§ **DATA**:
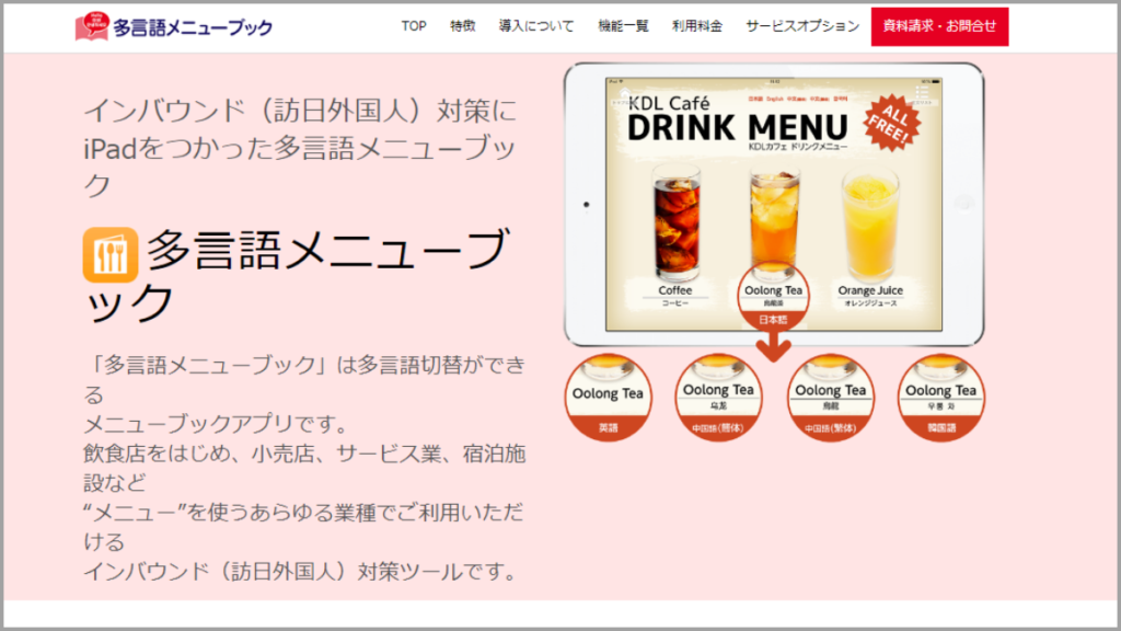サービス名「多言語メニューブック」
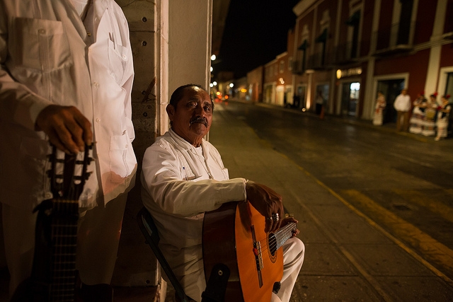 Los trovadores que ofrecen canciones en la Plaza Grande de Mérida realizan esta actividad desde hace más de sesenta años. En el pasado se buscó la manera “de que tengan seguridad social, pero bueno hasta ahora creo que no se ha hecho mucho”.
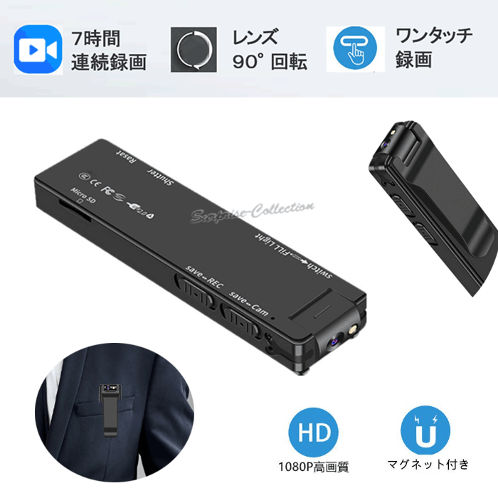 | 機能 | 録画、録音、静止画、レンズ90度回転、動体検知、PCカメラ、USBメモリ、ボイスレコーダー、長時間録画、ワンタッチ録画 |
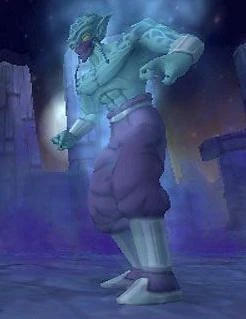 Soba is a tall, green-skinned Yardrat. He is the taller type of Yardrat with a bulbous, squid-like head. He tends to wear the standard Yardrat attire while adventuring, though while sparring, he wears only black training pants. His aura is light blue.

§ **EXERCISE INSTRUCTIONS**:
Omit the pictures, then quote the rest of the material above exactly.

§ **REPLY TO THE TASK**:
サービス名「多言語メニューブック」
 Los trovadores que ofrecen canciones en la Plaza Grande de Mérida realizan esta actividad desde hace más de sesenta años. En el pasado se buscó la manera “de que tengan seguridad social, pero bueno hasta ahora creo que no se ha hecho mucho”.
 | 機能 | 録画、録音、静止画、レンズ90度回転、動体検知、PCカメラ、USBメモリ、ボイスレコーダー、長時間録画、ワンタッチ録画 |
 Soba is a tall, green-skinned Yardrat. He is the taller type of Yardrat with a bulbous, squid-like head. He tends to wear the standard Yardrat attire while adventuring, though while sparring, he wears only black training pants. His aura is light blue.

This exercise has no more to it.